**Data:**
###

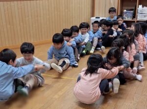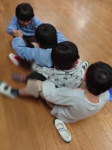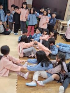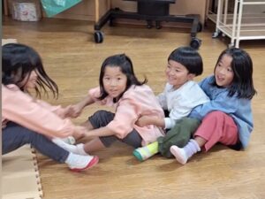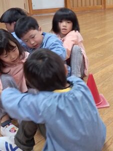 みんなでつながって「せーのっ!」と前へ進む姿は、ちょっぴりぎこちない電車のようで、見ているこちらも自然と笑顔に!!
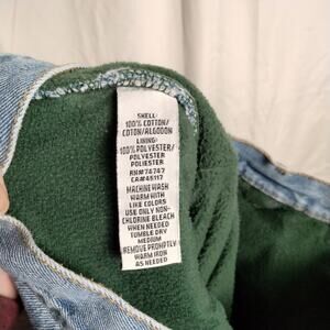 Vintage redhead brand green fleece lined jeans. Light wash with green fleece lining. High rise, tapered leg. Warm and cozy. Good condition, there are a couple holes in the back pocket, but they don´t go through, it´s just the pocket. There´s also a bit of dinginess on the knees, but barely noticeable. 100% cotton, rigid denim. Waist: 33in, Rise: 11.5in, inseam actual: 29in.
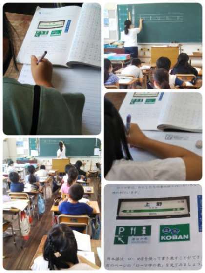 ローマ字の学習をしました。ローマ字は、駅の表示など、私たちの身のまわりのいたるところで使用されています。

###

**Description of the task:** Give the data again word for word, without pictures.

**Task solution:**
 みんなでつながって「せーのっ!」と前へ進む姿は、ちょっぴりぎこちない電車のようで、見ているこちらも自然と笑顔に!!
 Vintage redhead brand green fleece lined jeans. Light wash with green fleece lining. High rise, tapered leg. Warm and cozy. Good condition, there are a couple holes in the back pocket, but they don´t go through, it´s just the pocket. There´s also a bit of dinginess on the knees, but barely noticeable. 100% cotton, rigid denim. Waist: 33in, Rise: 11.5in, inseam actual: 29in.
 ローマ字の学習をしました。ローマ字は、駅の表示など、私たちの身のまわりのいたるところで使用されています。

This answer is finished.